27. I begin with the Judge's consideration of the individual claim as to the risk that the Appellant says he fears from his family. I start by observing that it is not entirely clear to me from the Appellant's statement who his family members actually are since he says that both his father and mother are dead. It appears from what the Judge says at [16] of the Decision, that the Appellant's grandfather is still alive. The Judge deals at [14] to [16] of the Decision with this part of the claim. The Judge notes that the Appellant seeks only a period of discretionary leave. However, that appears inconsistent with a claim to fear return based on a characteristic which on the Appellant's case is immutable namely his sexuality. That, coupled with an inconsistency between the Appellant's case that he was ill-treated by his family but continued to live with them for many years after divulging his sexuality as well as that his grandfather paid for the Appellant's studies in the UK led the Judge at [16] of the Decision to conclude that his account was inconsistent with a claim to fear removal to Bangladesh. That finding, albeit included amongst the Judge's account of the evidence, is sufficient to dispose of that aspect of the claim.

28. What I have found more difficult to resolve however is how the Judge dealt with the other individual aspect of the Appellant's case (the fear of his ex-wife's family) and, more importantly, the general fear on account of his sexuality due to societal discrimination and criminalisation of same-sex relationships in Bangladesh.

29. In fairness to the Judge, he does point at [18] of the Decision to the delay in the Appellant claiming asylum until December 2014 when his divorce occurred in 2013 and in circumstances where the Appellant had left Bangladesh in 2009. In light of that chronology, the Judge was entitled to be sceptical about the claimed risk from the Appellant's former father-in-law. However, I cannot read that passage as a finding about the Appellant's credibility in relation to that claimed risk.

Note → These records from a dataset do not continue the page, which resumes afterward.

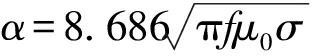 由式(1)、(2)可知,信号的衰减率α与信号频率f和介质的电导率σ有关.当介质电导率σ一定时,信号频率f越低,衰减率α越低,趋肤深度δ越大.
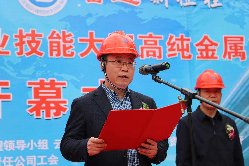 开幕式上,云南省总工会技术创新和职工素质建设工作办公室二级调研员彭启瑞宣布:云南省第十九届职工职业技能大赛锡化工高纯金属冶炼工决赛开赛。
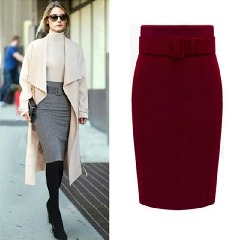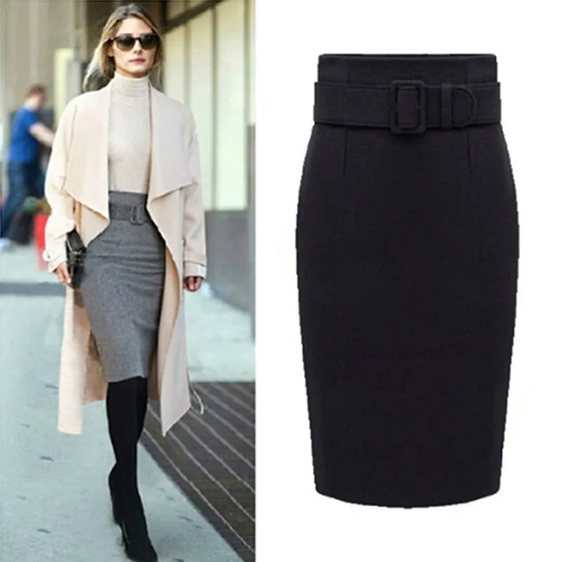 . (30% Off) Achat Neophil 2019 hiver gris épais laine Midi jupes crayon grande taille décontracté Slim taille haute ceinture bureau travail porter Saias S1205 Pas Cher Prix.
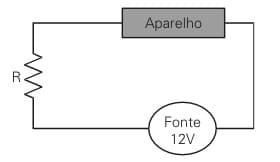 Um aparelho que continha as seguintes especificações de trabalho: entrada 9V – 500 mA. A única fonte de para ligar o aparelho era de 12 V. Um cidadão fez a seguinte ligação para não danificar o aparelho ligado à fonte:
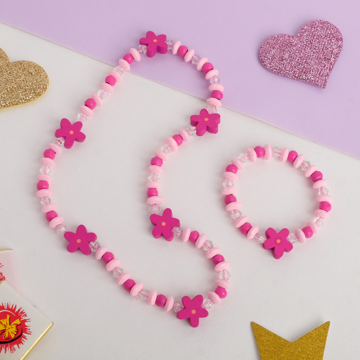 Набор детский Выбражулька «Цветочки» 2 предмета: бусы, браслет d=6 см., розовый — Характеристики
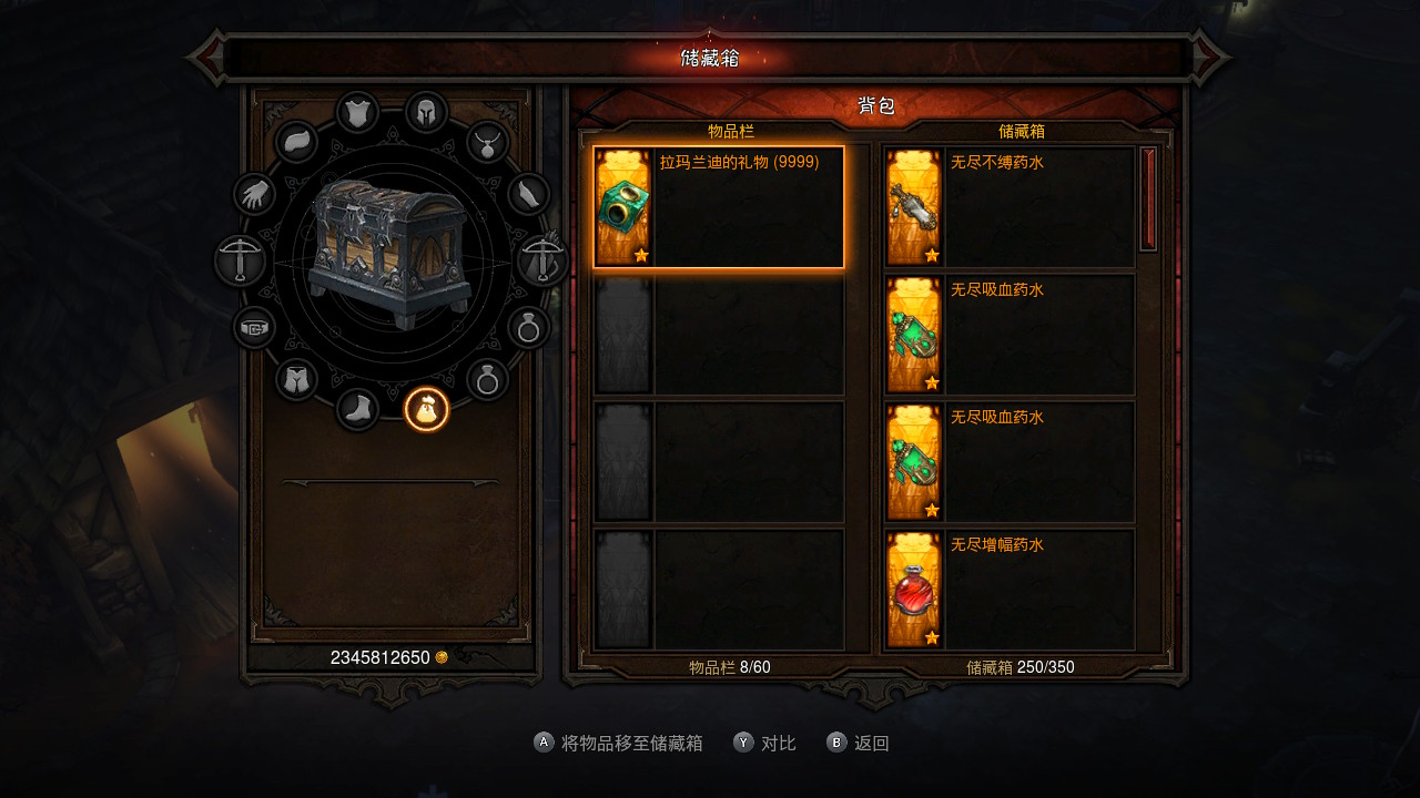 10. 进入游戏测试金手指,去储藏箱看看,是不是可以突破350的仓位上限啦!
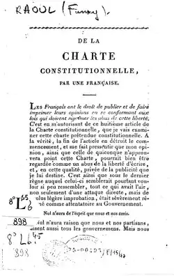 - De la Charte constitutionnelle par une Française (in French), Paris: s.n., 1814 – via BnF
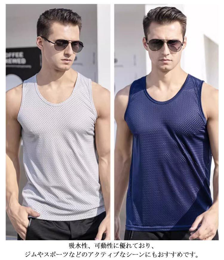 タンクトップ 筋トレ スポーツ メッシュ 3XL 薄手 タンクトップ Uネック タンク 速乾 フィット ストレッチ メンズ トレニンーグ 吸汗 接触冷感 下着 肌着 大きいサイズ L XL 2XL メ#lj8476 | オキナ商店
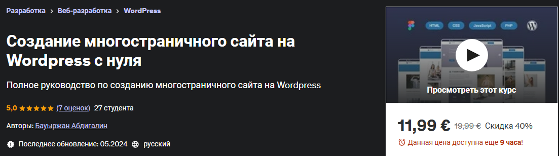 [Бауыржан Абдигалин] [Udemy] Создание многостраничного сайта на Wordpress с нуля (2024)
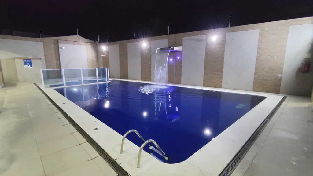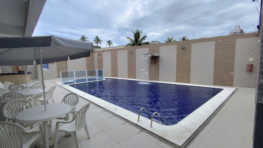 A piscina ao ar livre é um dos principais espaços de lazer do Hotel Santamaria, perfeita para momentos de relaxamento após um dia na Praia da Enseada. Situada em uma área comum externa, ela oferece um ambiente agradável para mergulhar, refrescar-se sob o sol e conversar com outros hóspedes em um clima descontraído. Por ser sazonal, a piscina costuma funcionar com maior frequência nos meses mais quentes, quando o clima de Guarujá é mais convidativo ao lazer ao ar livre. A presença de espreguiçadeiras e espaço ao redor permite relaxar à beira d’água, proporcionando uma experiência simples, mas satisfatória de descanso e diversão durante a estadia.
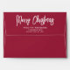 Ajoutez une touche moderne chic aux cartes de fin de année avec des enveloppes d'adresse de retour élégantes, rouges et blanches. L'accueil sur ce modèle est simple à personnaliser à n'importe quel libellé, comme Joyeux Noël, Joyeux Fêtes, Joyeuses Fêtes ou Bonne Année. En option, modifiez le message d'accueil de typographie de script en nom, et utilisez le reste pour l'adresse uniquement. Le design comprend une calligraphie brossée à la mode et un nom et une adresse minimalistes modernes. Des enveloppes élégantes customisées ajoutent un joli détail aux cartes de Noël et aux invitations de fêtes de fin d'année.

30. Of more importance is the lack of a finding about the Appellant's credibility in relation to his claimed sexuality. As Mr Davison pointed out, and I accept, there is background evidence which points to a potential risk at least to a homosexual who is in a same-sex relationship, particularly where this amounts to a criminal offence in Bangladesh. Whilst the Judge has noted that the Appellant does not claim to have been in a same-sex relationship during his time in the UK, the Appellant does say in his statement that he was in a homosexual relationship when he was young in Bangladesh. Mr Tarlow said that in essence what the Judge found was that even if the Appellant was homosexual he would live discreetly as he has done in the UK. However, I can find no consideration of the case in those terms. The Judge indicates some scepticism about the Appellant's claim to be homosexual at [18] of the Decision but does not go so far as to say that he does not accept that claim.

31. For the above reasons, I find that there is a material error of law in the Judge's reasoning by virtue of his failure to make findings on crucial aspects of the Appellant's account. Both parties were agreed that, if I found a material error of law in relation to the inadequacy of findings I should remit to the First-tier Tribunal as the Appellant is entitled to a primary consideration of his case and reasoned findings at first instance.


DECISION
I am satisfied that the Decision contains a material error of law for the reasons given at [24] above. The decision of Judge Hodgkinson promulgated on 8 April 2016 is set aside. I remit the appeal to the First-tier Tribunal for re-hearing before a Judge other than Judge Hodgkinson. I do not preserve any findings.